How to serialize a graph structure?

Question

Flat files and relational databases give us a mechanism to serialize structured data. XML is superb for serializing un-structured tree-like data.

But many problems are best represented by graphs. A thermal simulation program will, for instance, work with temperature nodes connected to each others through resistive edges.

So what is the best way to serialize a graph structure? I know XML can, to some extent, do it---in the same way that a relational database can serialize a complex web of objects: it usually works but can easily get ugly.

I know about the dot language used by the graphviz program, but I'm not sure this is the best way to do it. This question is probably the sort of thing academia might be working on and I'd love to have references to any papers discussing this.

Answer 1

XML is very verbose. Whenever I do it, I roll my own. Here's an example of a 3 node directed acyclic graph. It's pretty compact and does everything I need it to do:

0: foo
1: bar
2: bat
----
0 1
0 2
1 2

Answer 2

On a less academic, more practical note, in CubicTest we use Xstream (Java) to serialize tests to and from xml. Xstream handles graph-structured object relations, so you might learn a thing or two from looking at it's source and the resulting xml. You're right about the ugly part though, the generated xml files don't look pretty.

Answer 3

One example you might be familiar is Java serialization. This effectively serializes by graph, with each object instance being a node, and each reference being an edge. The algorithm used is recursive, but skipping duplicates. So the pseudo code would be:

serialize(x):
    done - a set of serialized objects
    if(serialized(x, done)) then return
    otherwise:
         record properties of x
         record x as serialized in done
         for each neighbour/child of x: serialize(child)

Another way of course is as a list of nodes and edges, which can be done as XML, or in any other preferred serialization format, or as an adjacency matrix.

Answer 4

How do you represent your graph in memory?
Basically you have two (good) options:

• an adjacency list representation
• an adjacency matrix representation

in which the adjacency list representation is best used for a sparse graph, and a matrix representation for the dense graphs.

If you used suchs representations then you could serialize those representations instead.

If it has to be human readable you could still opt for creating your own serialization algorithm.

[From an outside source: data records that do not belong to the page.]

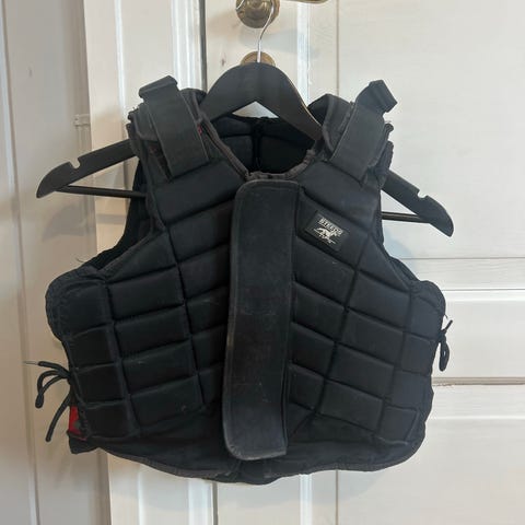 Aequus ridevest i svart farge. Yttermateriale i 100 % nylon, fôr i 80 % nylon og 20 % lycra. Vest med polstrede paneler foran og bak for støtdemping. Justerbare skulderstropper og lukking i livet for tilpasning. Egnet som beskyttelsesvest ved ridning og annen hestesport. Kan vaskes på 30 grader ifølge vaskeanvisning på innsiden av vesten.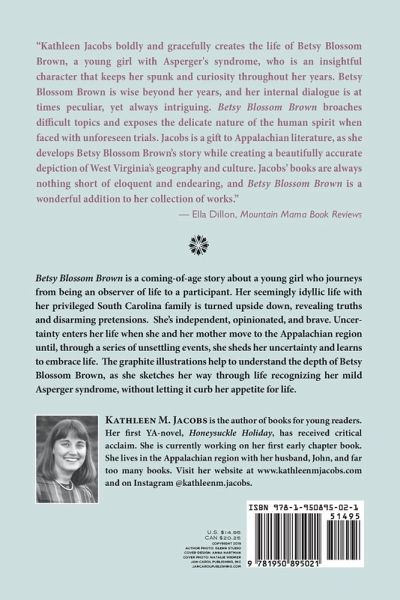 Betsy Blossom Brown is a coming-of-age story about a young girl who journeys from being an observer of life to a participant. Her seemingly idyllic life with her privileged South Carolina family is turned upside down, revealing truths and disarming pretensions. She's independent, opinionated, and brave. Uncertainty enters her life when she and her mother move to the Appalachian region until, through a series of unsettling events; she sheds her uncertainty and learns to embrace life. The graphite illustrations help to understand the depth of Betsy Blossom Brown, as she sketches her way through life recognizing her mild Asperger syndrome, without letting it curb her appetite for life.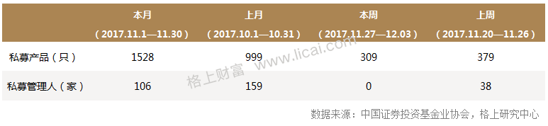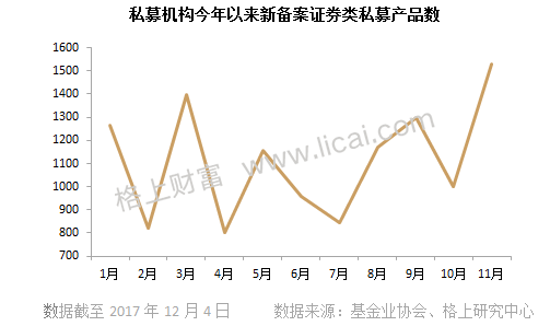 今年以来,监管层频频出台私募行业相关法规制度,近期人行、银监会、证监会、保监会、外汇局联合发布《关于规范金融机构资产管理业务的指导意见(征求意见稿)》。《指导意见》规定了合格投资者门槛,明确了私募杠杆比例,限制了多层嵌套和通道业务等,对私募行业有着深远影响,可以说今年私募行业又经过了一轮洗牌。在强监管下,格上研究中心发现私募基金的发行热情却在不断走高。基金业协会备案数据显示,截至2017年12月4日,11月份私募机构共备案新产品1528只,创今年以来的新高,环比上月增加了52.95%。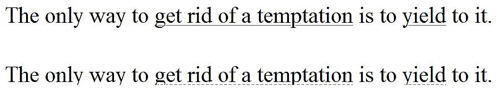/*0,180deg都是可以的*/ background-size: .2em 2px; background-position: 0 1em; } </style> </head> <body> <p>The only way to <a>get rid of a temptation</a> is to <a>yield</a> to it.</p> <p>The only way to <a>get rid of a temptation</a> is to <a>yield</a> to it.</p> </body>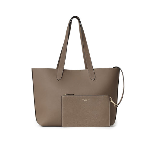 - 軽量で心地よいシュリンクレザーの風合いと、トレンドに左右されないシンプルなフォルムが特徴的なトートバッグ。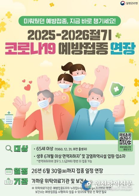 [인천광역신문] 최예준 기자 | 의정부시 보건소는 고위험군의 건강 보호와 여름철 코로나19 유행에 선제적으로 대응하기 위해 2025-2026절기 코로나19 예방접종사업 기간을 기존 4월 30일에서 6월 30일까지 두 달간 연장한다.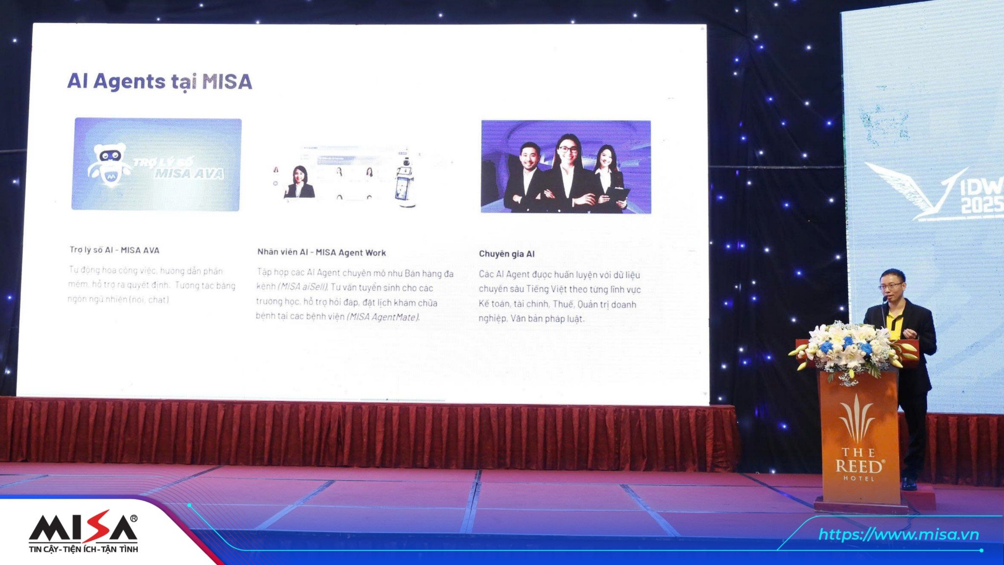 No evento, a MISA deixou uma forte impressão com compartilhamentos inspiradores e atividades excepcionais. O vice-presidente do Conselho de Administração da MISA, Nguyen Xuan Hoang, apresentou o tema "MISA - Remodelando produtos para a IA em Primeiro Lugar" , compartilhando como a MISA utiliza o poder da inteligência artificial para inovar plataformas de gestão, visando atender da melhor forma possível empresas, organizações e indivíduos.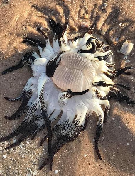 这种海葵生活在澳大利亚西部沿海的热带水域,可长到50厘米。它们通常会呈现出多种颜色,关于图片上的这只海葵,Reddit的用户猜测它的颜色可能被阳光漂白了。此外,它还长有一种刺,带剧毒,一旦人类触碰了它,便会极其痛苦,需要数月才能痊愈。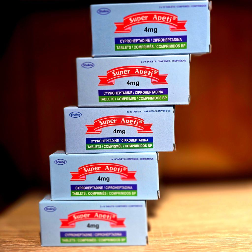 تعدُّ حبوب سوبر ابيتي للتسمين Super Apeti من أشهرِ أدويةِ زيادةِ الوزنِ، حيث يعملُ من خلالِ فتحِ الشّهيّةِ بالتالي زيادةُ الوزنِ بفعاليّةٍ ملحوظة. وهو من إنتاجِ شركة Shalina الإفريقيّة المُختصّةِ بتقديمِ الرِّعايةِ الصِّحيّة في إفريقيا، وتسعى لمساعدةِ الملايين من الأشخاصِ للوصولِ إلى أعلى درجةٍ من الصّحّةِ وحياةً أكثر سعادةً.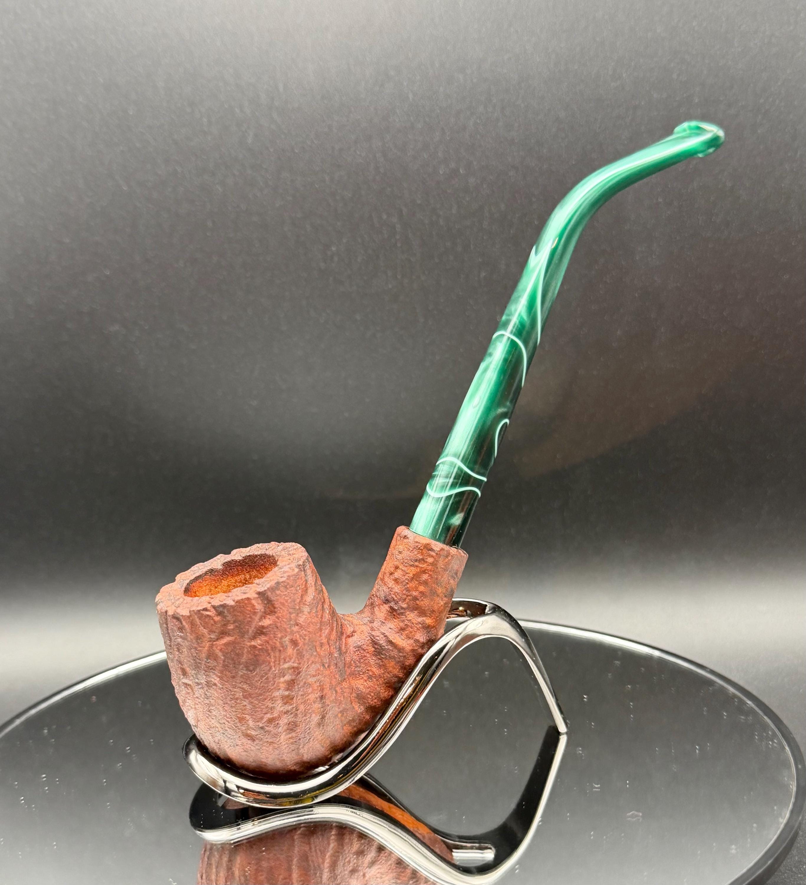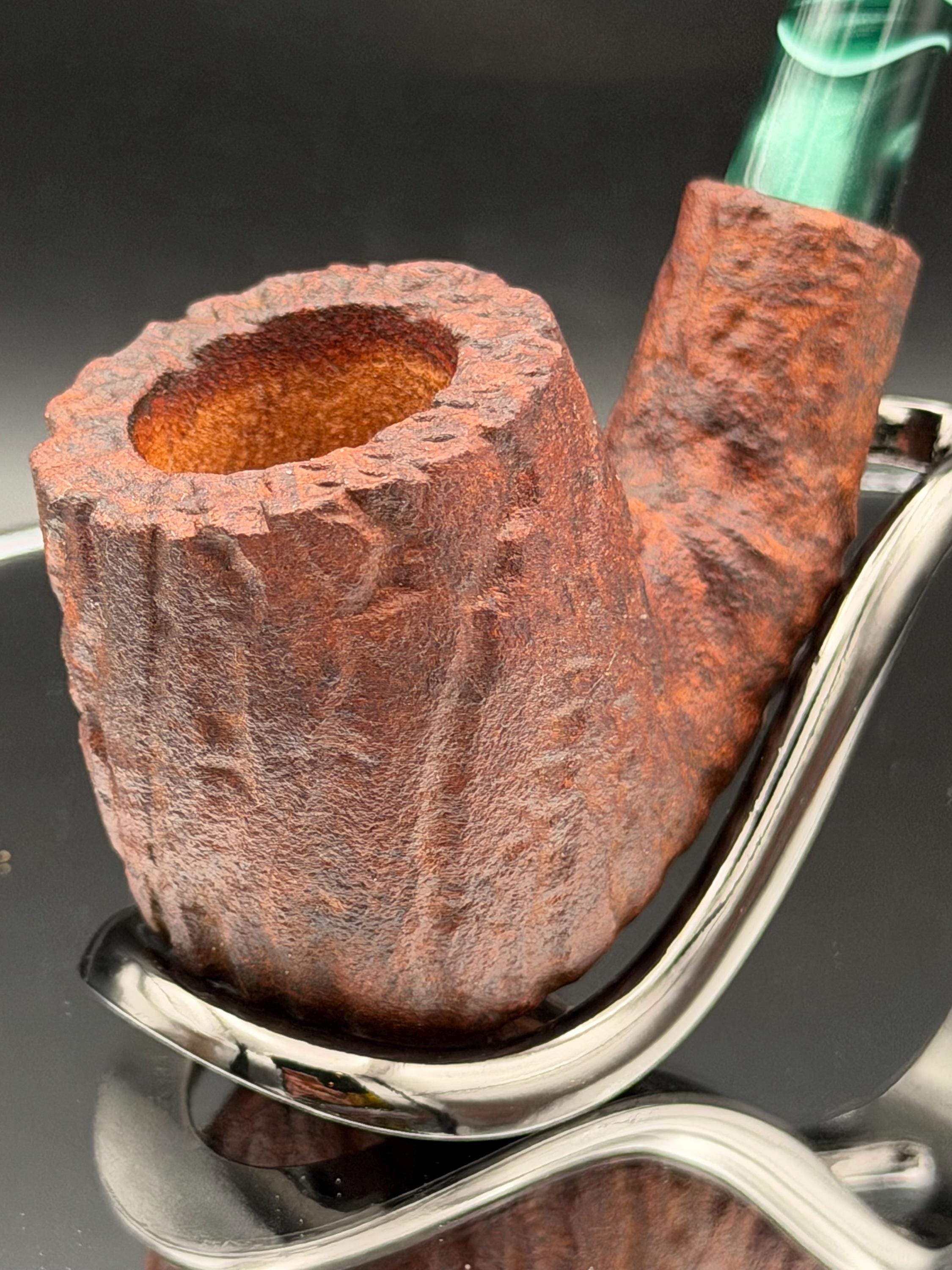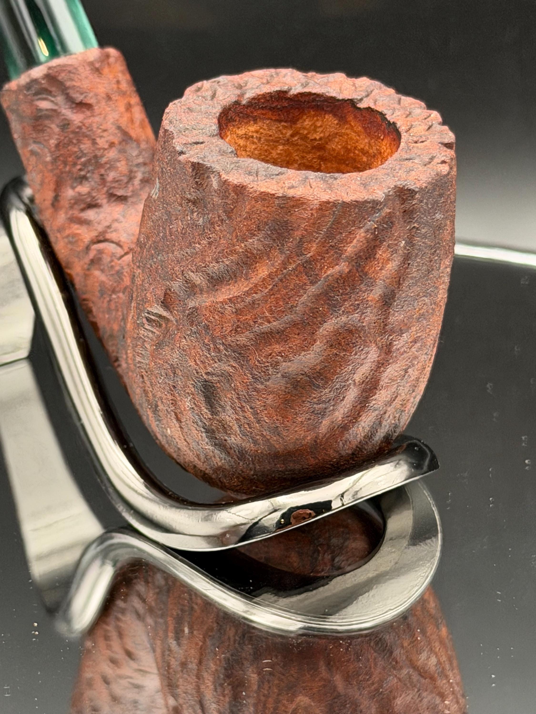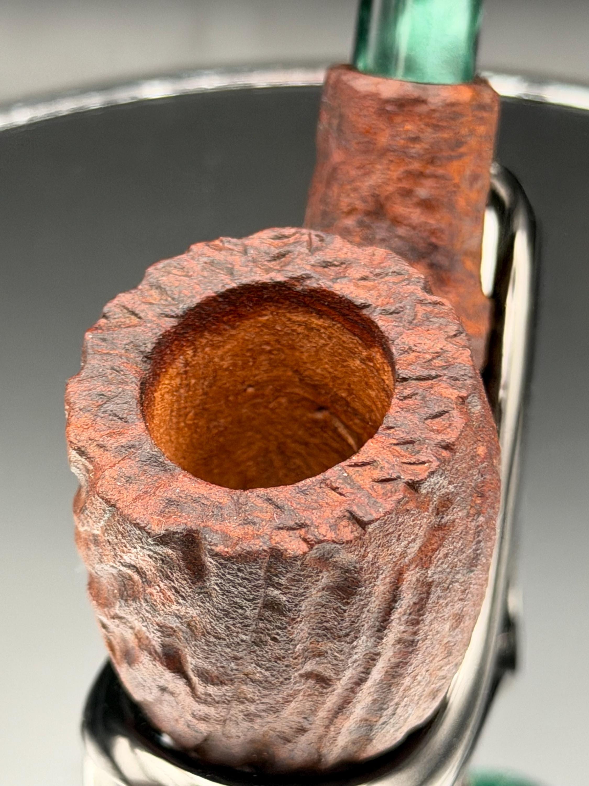 This is a handmade briar pipe that has been carved rusticated sanded and polished by hand. It has a nice Acrylic custom made stem machined to fit perfectly. This one is non filtered. A very nice daily smoker. Made to look rustic but a little polished. 7/8x1.5 chamber

For example you could write down the matrix representation like you would do with any "normal" matrix: just print out the columns and rows, and all the data in it like so:

   1  2  3
1 #t #f #f
2 #f #f #t
3 #f #t #f

(this is a non-optimized, non weighted representation, but can be used for directed graphs)

Answer 5

Typically relationships in XML are shown by the parent/child relationship. XML can handle graph data but not in this manner. To handle graphs in XML you should use the xs:ID and xs:IDREF schema types.

In an example, assume that node/@id is an xs:ID type and that link/@ref is an xs:IDREF type. The following XML shows the cycle of three nodes 1 -> 2 -> 3 -> 1.

<data>
  <node id="1"> 
    <link ref="2"/>
  </node>
  <node id="2">
    <link ref="3"/>
  </node>
  <node id="3">
    <link ref="1"/>
  </node>
</data>

Many development tools have support for ID and IDREF too. I have used Java's JAXB (Java XML Binding. It supports these through the @XmlID and the @XmlIDREF annotations. You can build your graph using plain Java objects and then use JAXB to handle the actual serialization to XML.

Answer 6

Adjacency lists and adjacency matrices are the two common ways of representing graphs in memory. The first decision you need to make when deciding between these two is what you want to optimize for. Adjacency lists are very fast if you need to, for example, get the list of a vertex's neighbors. On the other hand, if you are doing a lot of testing for edge existence or have a graph representation of a markov chain, then you'd probably favor an adjacency matrix.

The next question you need to consider is how much you need to fit into memory. In most cases, where the number of edges in the graph is much much smaller than the total number of possible edges, an adjacency list is going to be more efficient, since you only need to store the edges that actually exist. A happy medium is to represent the adjacency matrix in compressed sparse row format in which you keep a vector of the non-zero entries from top left to bottom right, a corresponding vector indicating which columns the non-zero entries can be found in, and a third vector indicating the start of each row in the column-entry vector.

[[0.0, 0.0, 0.3, 0.1]
 [0.1, 0.0, 0.0, 0.0]
 [0.0, 0.0, 0.0, 0.0]
 [0.5, 0.2, 0.0, 0.3]]

can be represented as:

vals: [0.3, 0.1, 0.1, 0.5, 0.2, 0.3]
cols: [2,   3,   0,   0,   1,   4]
rows: [0,        2, null,  4]

Compressed sparse row is effectively an adjacency list (the column indices function the same way), but the format lends itself a bit more cleanly to matrix operations.